According to Bishop, the rand weakened to R18.44/USD on Friday (17 November), rebuffed after temporarily breaching the R18/$ mark on Wednesday and reaching R17.95/$.

The R18/$ resistance level proved too strong, Bishop said, but the rand is likely to attempt to breach this resistance level “a few more times this year”.

The odds are that the rand will even succeed at this, the economist noted, with the currency likely to run below R18/$ into next year as the global interest rate hike cycle shifts to one of cuts.

“Markets have fully factored out any chance of further US interest rate hikes now, which has bolstered global financial market risk sentiment, and the Fed Funds futures are also increasingly factoring in the expectation of interest rate cuts,” she said.

“That is, no chance of any increase in the Fed funds rate is seen likely (0%) at either of the next two FOMC meetings on 13th December or 31st January, and the following one, on 20th March, factors in around a 30% chance of a 25bp cut.”

This continues to benefit market sentiment, allowing safe haven investment flows to switch into riskier assets – like the rand.

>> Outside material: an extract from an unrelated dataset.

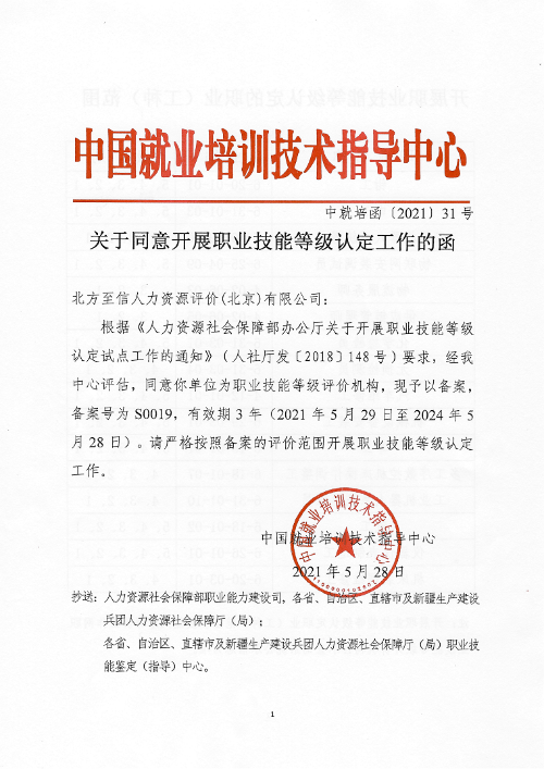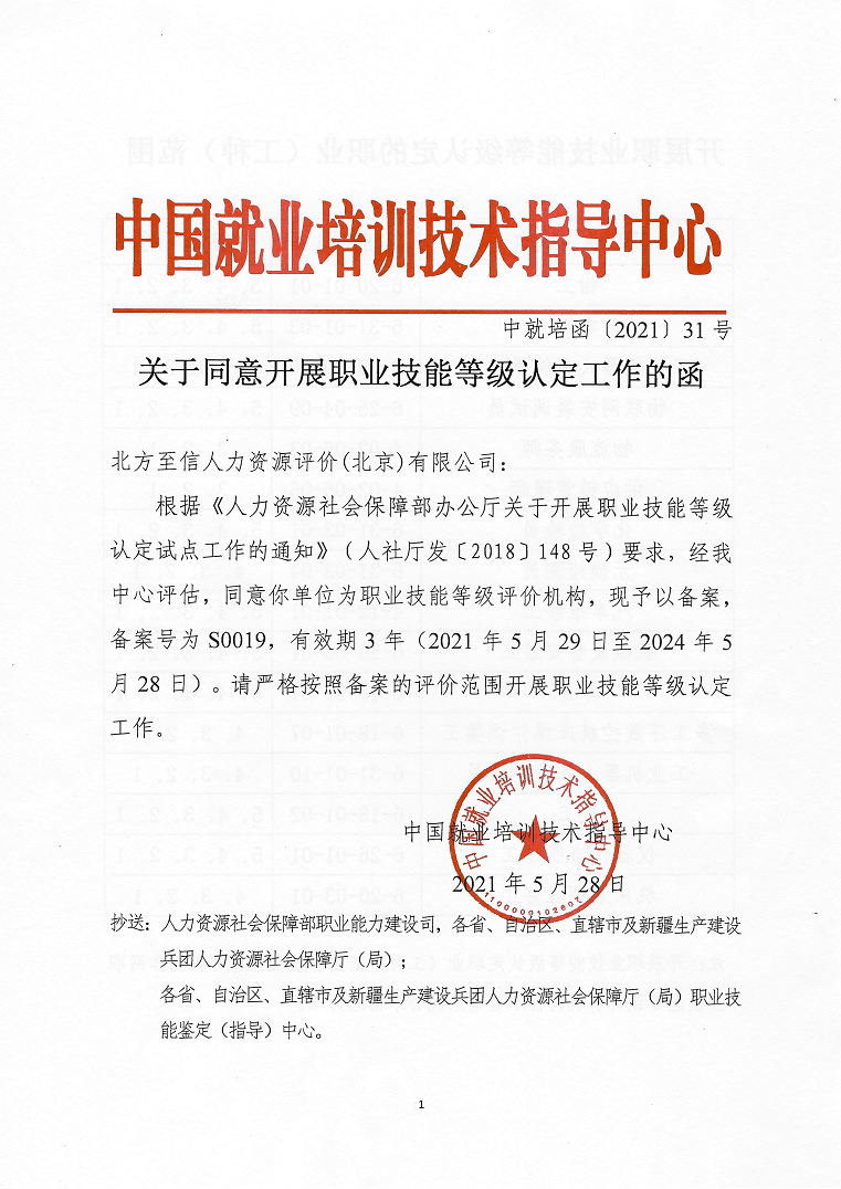 5月28日,人力資源社會保障部中國就業(yè)培訓(xùn)技術(shù)指導(dǎo)中心發(fā)布了《關(guān)于同意開展職業(yè)技能等級認(rèn)定工作的函》(中就培函〔2021〕31號),北方至信人力資源評價(北京)有限公司(以下簡稱“北方至信”)成為首家央企全國性社會培訓(xùn)評價組織職業(yè)技能等級認(rèn)定機構(gòu)。

Foreigners were net purchasers of R7.1 billion of SA bonds on Friday for the day itself, purchasing R25.1 billion worth of SA bonds (net of sales) so far in Q4.23, and R20.1 billion year to date (all JSE and Bloomberg settled data).

The rand closed at R18.36/USD on Friday, before the release of the S&P country review of Friday night on SA, and the rand was trading at R18.37/USD on Monday (20 November), little changed as the S&P outcome was as expected, with no downgrade.

The credit rating was left unchanged at BB- and the outlook was stable as South Africa’s strengths remained unchanged – namely exchange rate flexibility, credible monetary policy framework and a debt structure with long maturities mainly in local currency.

“S&P expects private sector energy provision to ease load shedding from 2025, lifting growth and aiding government finances, but warns on risks in freight transport from Transnet and overall on the strain on state finances, with February’s Budget key,” Bishop said.

Globally, the US publishes the last FOMC meeting’s minutes on Tuesday, which will be scrutinized for the perceived softening of the US monetary policy tone, seen to move from less hawkish towards dovish at the last meeting.

“Also due out this week are various gauges of economic activity in the US, which can also have an impact on global financial market sentiment and hence the rand, and we continue to believe the rand will trade below R18/$ next year,” she said.